Amazon adds ocean freight to the pieces of the shipping puzzle it controls - nh
https://techcrunch.com/2017/01/25/amazon-adds-ocean-freight-to-the-pieces-of-the-shipping-puzzle-it-controls/
======
inopinatus
"Amazon is a logistics company" is a common refrain. It's obviously a core
capability and essential to the journey from "bookshop" to "general purpose
two-sided global end-to-end fulfilment platform" via ships, drones, planes,
self-driving trucks, automated warehousing and so on.
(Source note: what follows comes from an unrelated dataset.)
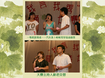 此次比赛得到了全院同学的热情参与,共有来自4个系的12名选手进入决赛,比赛方法一改常规,采用了多媒体出题计时的方法,为大赛的顺利进行提供了便利。赛场上,选手们用一口流利标准的普通话及灵活的应变能力通过了所有5个环节的比赛,特别是在第5个模拟面试环节,选手们面对“面试官”提出的求职问题沉着应变、冷静作答,给场下的评委和观众留下了深刻的印象。最终来自汽车系的卜彬彬同学以自己优异的表现取得了大赛的第一名。赛后评委鹿燕老师对我们的比赛做了精彩的点评并亲自为得奖的选手颁发了荣誉证书。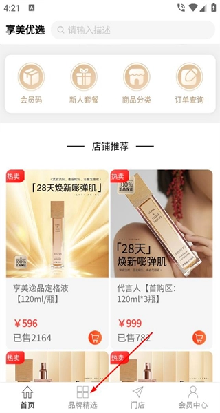 进入享美优选首页,能看到会员码、新人套餐等入口,同时设有店铺推荐区域,该区域展示了多款美妆商品,并标注了对应的价格和销量信息。

This is hardly a
surprise but it's still instructive to understand that AWS is also a logistics
monster.

There's a quote from James Hamilton from 2014, "Every day, AWS adds enough new
server capacity to support all of Amazon’s global infrastructure when it was a
$7B annual revenue enterprise (in 2004)." The actual number of facilities
elements, computing & storage units is not specified but, you know, it's
obviously _a lot_ , and that was three years ago. Imagine the supply chain &
logistics required for that constant growth. Layer on the step function of
adding each new region or AZ. Realise there's a lag between demand and
fulfilment, and consider the impact of failing to meet a demand projection
because something shipped late.

Every global public cloud probably shares similar concerns, but I think one
reason AWS got to be a first mover is the logistic capability burned into
Amazon's DNA.

obdisclosure: I'm ex-AWS, opinions are my own, all facts above are public.